6. Tidak suka marah dan mencela
Sering memarahi anak hanya akan menjadikan anak semakin sulit diatur, apalagi memarahinya tanpa sebab yang jelas. Mencelanya juga menjadikan anak menjadi penakut. Ketika kedua orangtua mencela anaknya, sesungguhnya mereka telah mencela diri mereka sendiri. Sebab, apa yang dilakukan oleh anak adalah hasil didikan orangtua dan keluarganya. 

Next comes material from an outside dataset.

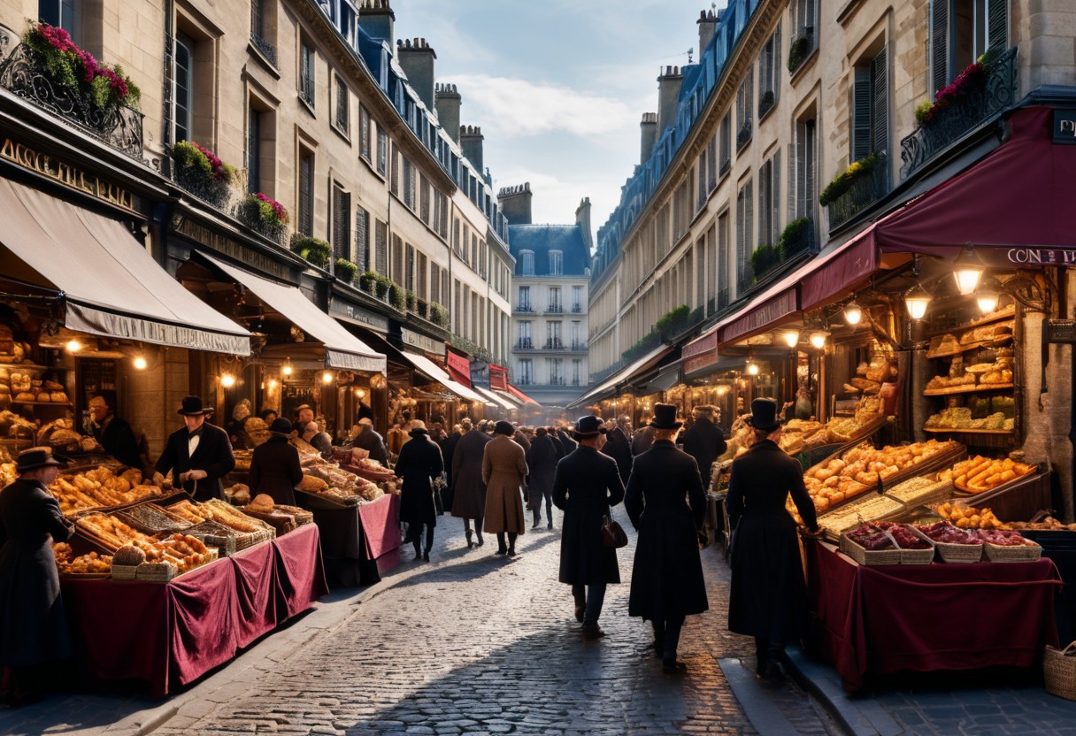Bustling Victorian street market, in Paris, ultra realistic, photorealistic, highly detailed, cinematic lighting, vivid colors, atmospheric background, authentic Victorian architecture, detailed market stalls, realistic textures, dramatic shadows, lifelike expressions, vendors and shoppers, cobblestone streets, period-appropriate clothing, volumetric light effects, dynamic composition, busy marketplace scene, intricate goods and wares, immersive environment, nuanced lighting, vibrant market colors, historical accuracy, high resolution, focus on market activities and street details

Diriwayatkan oleh Ahmad dari Anas ra, ia berkata : Aku menjadi pembantu Nabi Shallallahu ‘alayhi  wa Sallam selama sepuluh tahun. Tidaklah beliau memberiku perintah, lalu aku lama mengerjakannya, atau tidak aku kerjakan sama sekali, melainkan beliau tidak mencelaku. Apabila ada salah satu anggota keluarga beliau yang mencelaku, beliau bersabda, “Biarkanlah dia. Kalau dia mampu, pasti dilakukannya”.

7. Mendoakan anak
Mendoakan anak adalah bentuk kasih sayang dan ketulusan orangtua dalam mendidik anak. Abu Hamzah bin Abdillah berkata, “Aku bertanya kepada Abu Ubaidah bin Utbah bin Mas’ud, “Apa yang engkau ingat dari Rasulullah Shallallahu ‘alayhi wa Sallam?”. Dia menjawab, “Aku ingat bahwa beliau menggendongku ketika aku berumur lima tahun atau enam tahun, kemudian beliau mendudukanku di pangkuan beliau, mengusap kepalaku dan mendoakan keberkahan bagiku serta anak cucuku”. Diriwayatkan oleh al-Hakim dalam kitab Mustadraknya.

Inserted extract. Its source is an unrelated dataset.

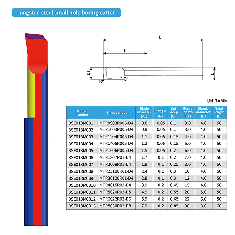 | Type: | Small hole boring tool; | Tip arc: | R0.05-R0.2mm; |

Jika orangtua dan keluarga memperhatikan ke tujuh hal di atas, melakukan dan meningkatkan kualitasnya maka tak mustahil akan terbentuk generasi yang berkarakter dan siap untuk menjadi pemimpin negeri ini di masa yang akan datang. Karena dari rahim keluarga yang berkarakter akan melahirkan generasi yang berkarakter pula. Ketika anak dibiasakan melakukan hal-hal yang baik oleh lingkungan, terutama oleh keluarga maka akan menjadi kebiasaan mereka melakukan kebaikkan. Bila dilakukan secara terus menerus kebiasaan baik itu, maka akan menjadi kebudayaan yang baik. Ketika budaya yang baik tersebut konsisten dilakukan, maka akan terbentuk karakter yang baik pula. Tentu keluarga yang baik terbentuk dari masyarakat yang berkarakter dan sudah menjadi keharusan Negara untuk berperan aktif melakukan pengutan fungsi keluarga sebagai pilar penting peradaban.